» Your objective
Among the entries below, copy only the span from the line containing "あかね人気の○’sに抜き打ち" through the line containing "Após ajustar tudo, toque". Do so exactly, and skip the pictures.

··· Records for the task

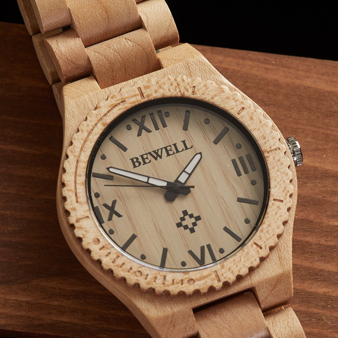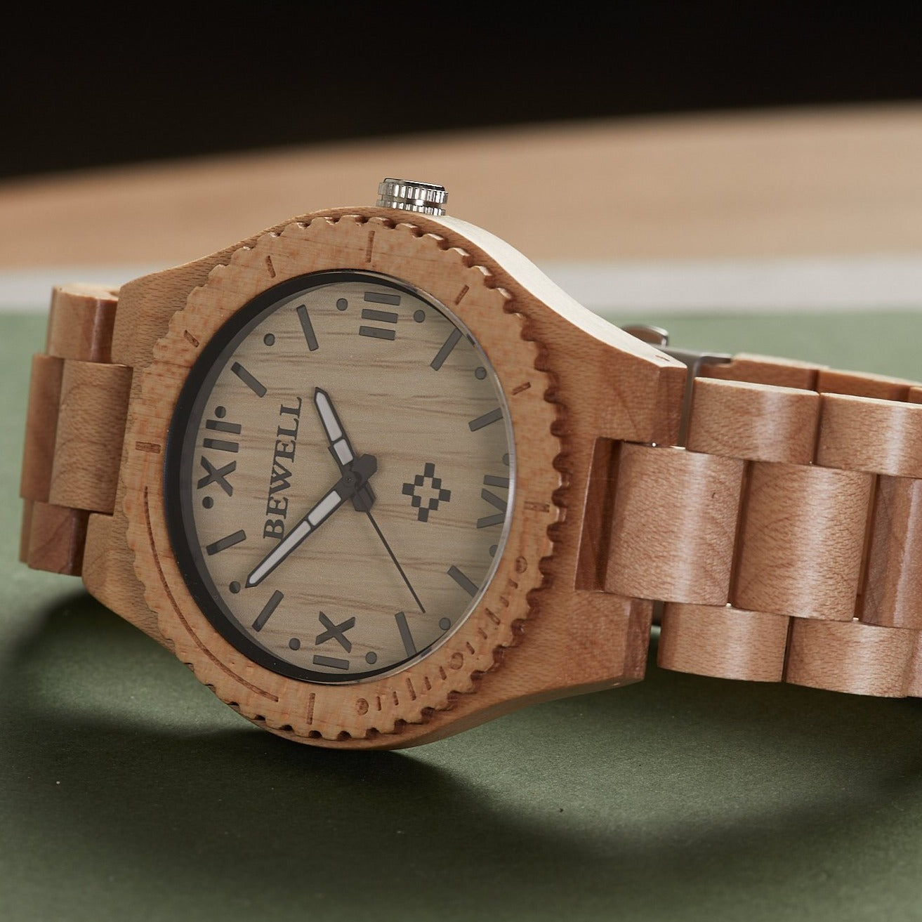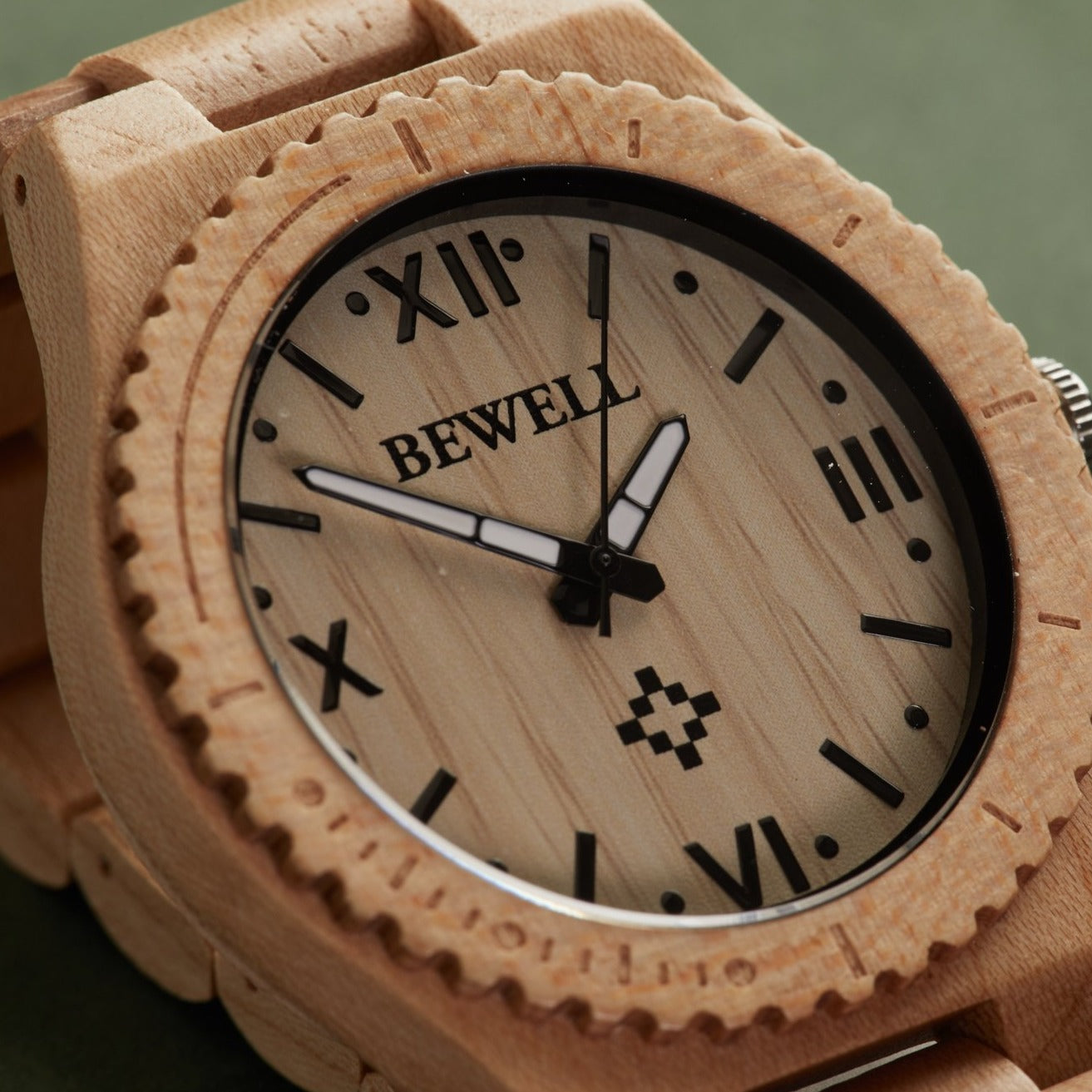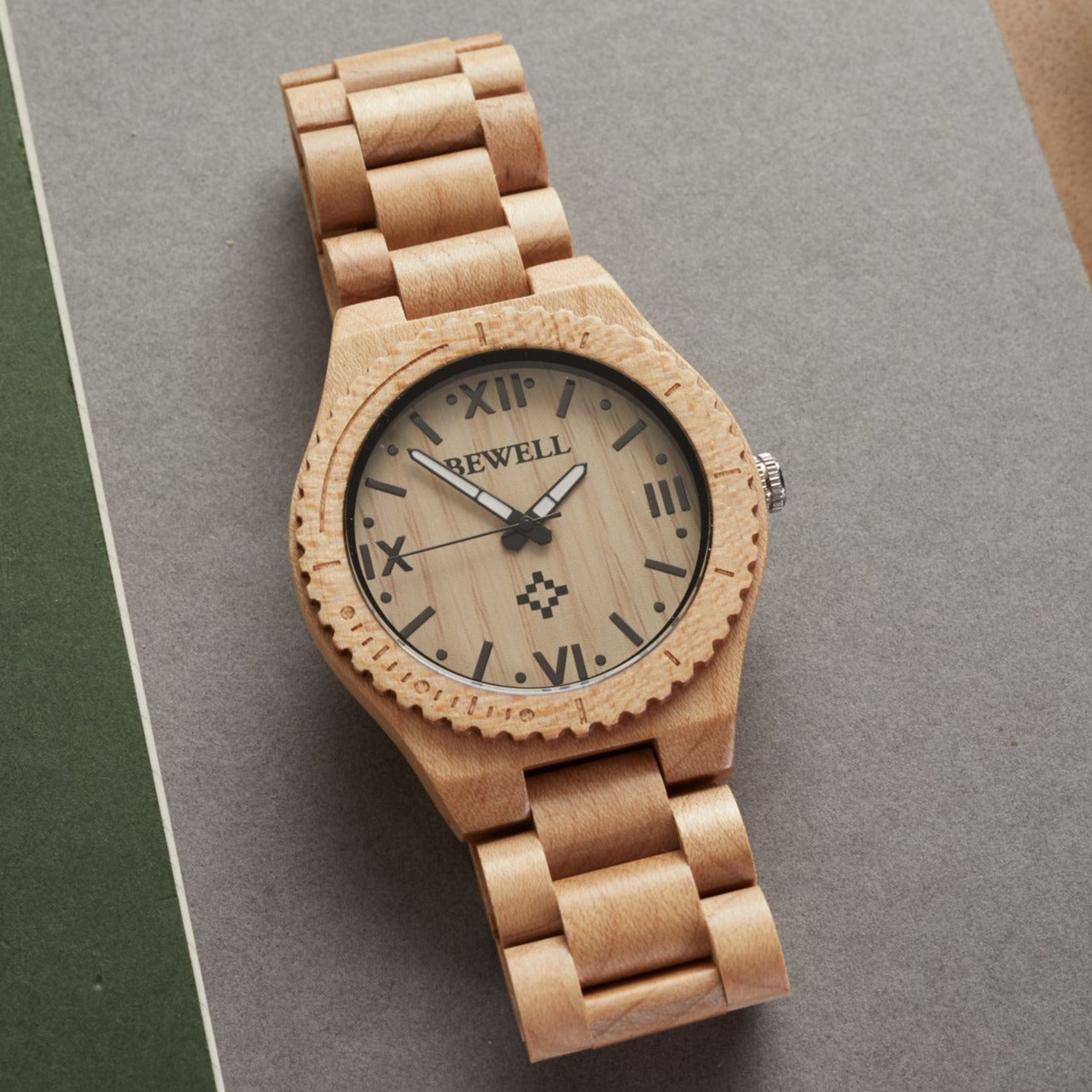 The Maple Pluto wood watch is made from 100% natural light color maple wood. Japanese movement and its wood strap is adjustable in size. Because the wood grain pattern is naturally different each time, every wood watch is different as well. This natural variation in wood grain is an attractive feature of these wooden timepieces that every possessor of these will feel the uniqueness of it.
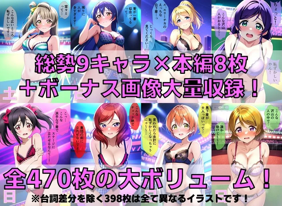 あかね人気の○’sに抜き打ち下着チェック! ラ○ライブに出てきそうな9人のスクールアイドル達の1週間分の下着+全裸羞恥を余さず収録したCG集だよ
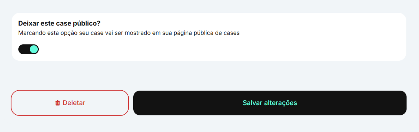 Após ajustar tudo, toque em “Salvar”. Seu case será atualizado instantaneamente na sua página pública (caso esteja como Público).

······
··· Records for the task

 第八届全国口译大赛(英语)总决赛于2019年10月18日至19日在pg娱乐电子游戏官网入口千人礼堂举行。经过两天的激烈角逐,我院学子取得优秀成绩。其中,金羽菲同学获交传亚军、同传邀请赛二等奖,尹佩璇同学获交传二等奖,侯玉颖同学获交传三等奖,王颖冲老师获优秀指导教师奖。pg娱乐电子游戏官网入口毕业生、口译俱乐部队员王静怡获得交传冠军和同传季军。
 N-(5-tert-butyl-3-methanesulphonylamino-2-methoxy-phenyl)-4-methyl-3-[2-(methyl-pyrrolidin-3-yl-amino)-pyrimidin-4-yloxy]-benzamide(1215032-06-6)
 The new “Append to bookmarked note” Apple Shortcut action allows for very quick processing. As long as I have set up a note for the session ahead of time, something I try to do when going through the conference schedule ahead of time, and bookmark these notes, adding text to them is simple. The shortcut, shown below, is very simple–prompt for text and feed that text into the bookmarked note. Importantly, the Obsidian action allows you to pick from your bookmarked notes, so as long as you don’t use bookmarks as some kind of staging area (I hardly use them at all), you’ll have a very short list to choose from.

······
··· Records for the task

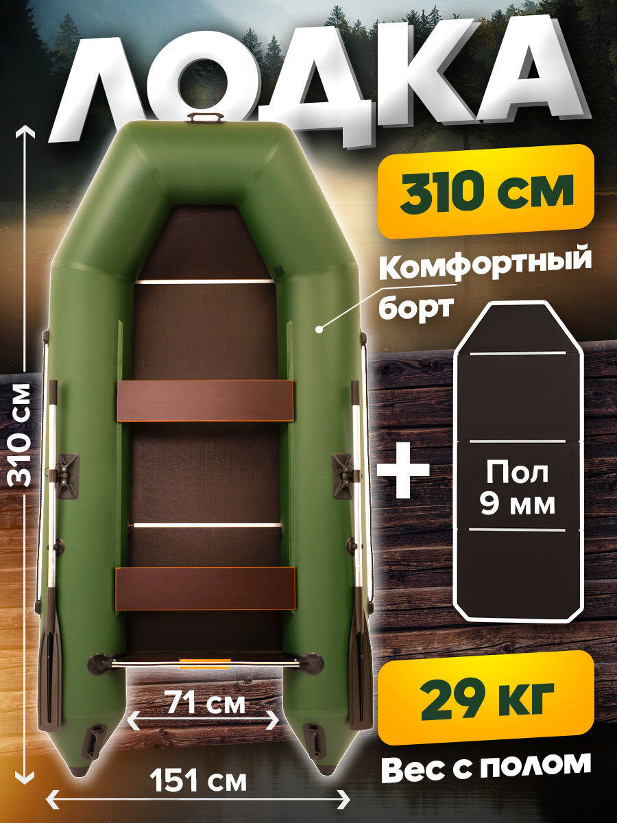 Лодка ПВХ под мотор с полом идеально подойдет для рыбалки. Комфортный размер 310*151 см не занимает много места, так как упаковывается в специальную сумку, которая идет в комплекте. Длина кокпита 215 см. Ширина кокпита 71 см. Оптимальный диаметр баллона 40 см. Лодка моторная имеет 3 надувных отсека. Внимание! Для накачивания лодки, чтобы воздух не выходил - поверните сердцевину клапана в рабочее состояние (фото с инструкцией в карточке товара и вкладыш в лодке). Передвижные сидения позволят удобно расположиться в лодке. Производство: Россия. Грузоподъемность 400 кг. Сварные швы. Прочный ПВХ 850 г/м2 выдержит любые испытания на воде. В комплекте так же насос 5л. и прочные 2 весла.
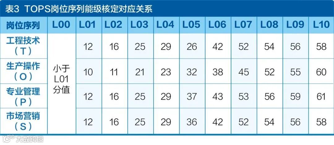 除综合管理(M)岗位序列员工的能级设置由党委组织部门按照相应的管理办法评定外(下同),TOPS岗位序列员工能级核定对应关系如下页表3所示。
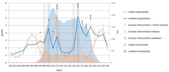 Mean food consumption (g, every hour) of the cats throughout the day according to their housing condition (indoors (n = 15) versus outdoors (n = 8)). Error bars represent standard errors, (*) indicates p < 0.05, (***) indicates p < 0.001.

······

» Your response
 あかね人気の○’sに抜き打ち下着チェック! ラ○ライブに出てきそうな9人のスクールアイドル達の1週間分の下着+全裸羞恥を余さず収録したCG集だよ
 Após ajustar tudo, toque em “Salvar”. Seu case será atualizado instantaneamente na sua página pública (caso esteja como Público).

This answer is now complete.